# Keto - how long



## M_at (May 2, 2009)

How long have most people here managed to keep a keto diet up for?

I'm starting to flag a little after about a month and 2 weeks.

I've been cycling it at the weekends but it's really starting to drag now - a bout of illness in the middle didn't help either.


----------



## marc5180 (May 31, 2007)

Im thinking of starting one very soon. How has your keto diet gone, how much did you lose?


----------



## M_at (May 2, 2009)

About 3kg if you take scales as the only measurement - but I'm hoping that when I next do some measurements in a couple of weeks the fat loss will be more than the weight loss.


----------



## Jimmy1 (Aug 14, 2003)

try upping the fats a little

the fat loss wont be as fast, but the diet easier to stick to

also a point to think on

L.MacDonalds books UD2 recomends a 1-2 week break every 8-12 weeks of the diet to let your metabolism normalise...eat maintenance kcals in this time, and gain some sanity!!


----------



## Round-2 (Jul 20, 2009)

5 days in, im still on virgin stage. Assuming i'm doing it right.

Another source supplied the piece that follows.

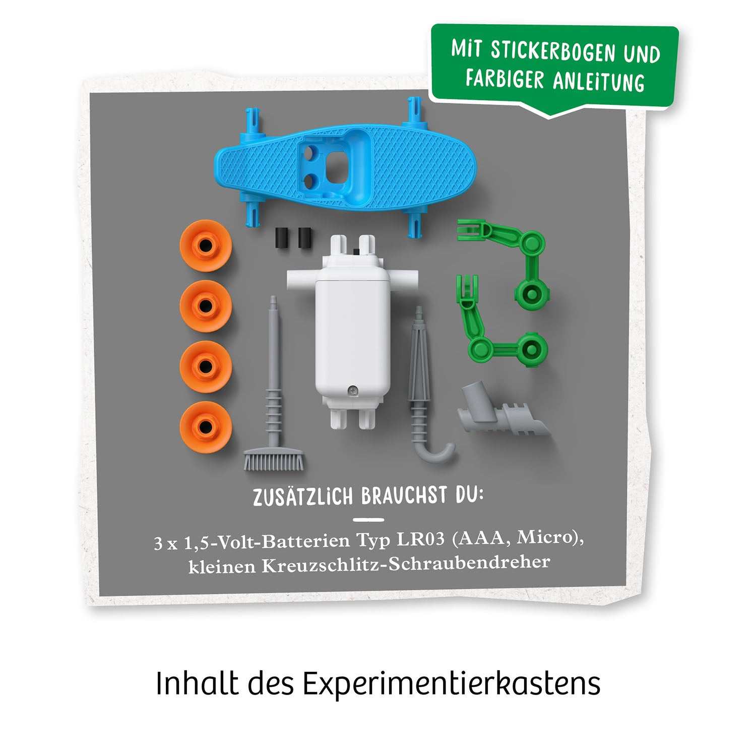 Aus wenigen Einzelteilen und mit schnellen Klicks bauen Kinder ab 8 Jahren einen rollenden Roboter von KOSMOS zusammen.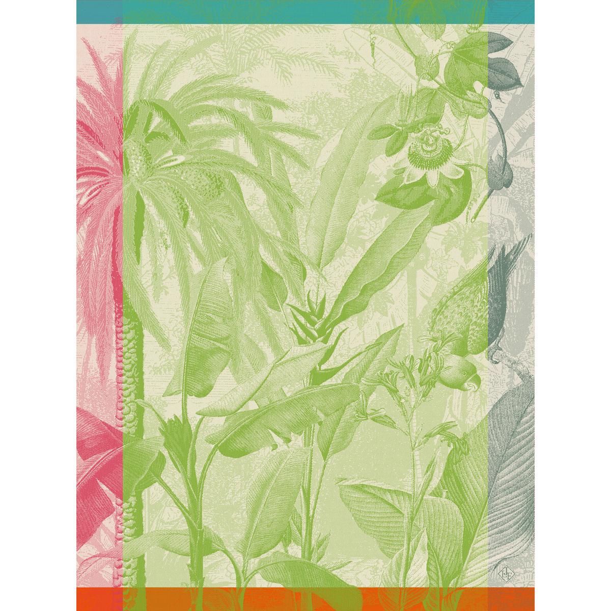 Die Geschirrtücher "Equateur" von Le Jacquard Francais laden Sie ein, in den Regenwald einzutauchen und eine unvergessliche exotische Reise inmitten einer farbenprächtigen Panoramalandschaft zu unternehmen.

I could get used to living on this kind of food quite easily, lovin steak eggs cheese etc, my biggest temptation was watching the wife guzzle a cold pepsi today while I was sipping water. I miss my porridge n fruit too.

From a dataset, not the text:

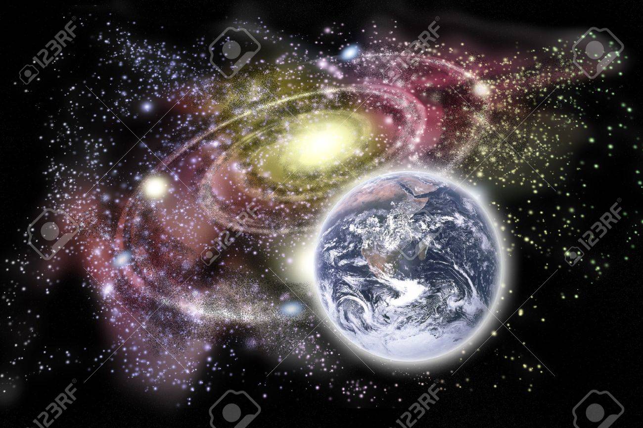 El Planeta Tierra En El Primer Plano Y La Galaxia En El Fondo Imagen Cortesia De La Tierra Http Www Nasa Gov Fotos Retratos Imagenes Y Fotografia De Archivo Libres De Derecho Image 12195884

Guess it all comes down to how much you want it, I want it all back more than pepsi for sure. But then I had a lot of years not being able to train, that makes you unbelievably hungry.

Mind over matter  hang in there.


----------



## WRT (May 21, 2009)

3 days pmsl, it's not junk food that messes it up for me I just keep eating too many cashews so will be coming out of ketosis.


----------



## B-GJOE (May 7, 2009)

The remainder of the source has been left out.